Su, yalnızca ev sahipliği yapmıyor canlılığa. O, aynı zamanda canlılığın temel kaynağı. Özellikle de sıvı hali. Bu yüzden gökbilimciler harıl harıl su arıyorlar diğer gezegenlerde; eğer sıvı halde su yoksa canlılık da yok.

Her canlının vücudunda belirli (ve sıklıkla da yüksek) yüzdelerde su bulunuyor. Çünkü su iyi bir çözücü ve mükemmel bir iletici. Bu özellikleri nedeniyle de, enzimlerin çalışması için son derece uygun koşullar sağlıyor, dolayısıyla da kimyasal tepkimeler için ideal ortamı oluşturuyor. Canlılığın tüm özellikleri de, kimyasal tepkimeler sonucu ortaya çıkıyor.

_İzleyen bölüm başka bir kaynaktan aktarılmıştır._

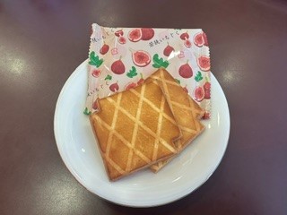 8月のおもてなしスイーツは福井県産の塩を使った「福井いちじくバターガレット」です。

Peki, kimin vücudunda ne kadar su var? Öncelikle hatırlatalım, farklı dokularda su içeriği oranı da farklı. Bazı hücrelerin daha fazla suya gereksinimi var. Ama genel olarak, insan vücudunun %65-75’inin su olduğunu söyleyebiliriz. Mantarların vücudundaki su oranı %98’iken, domateste ve denizanasında %95, kaktüslerde %80-90, muzdaysa yaklaşık %75.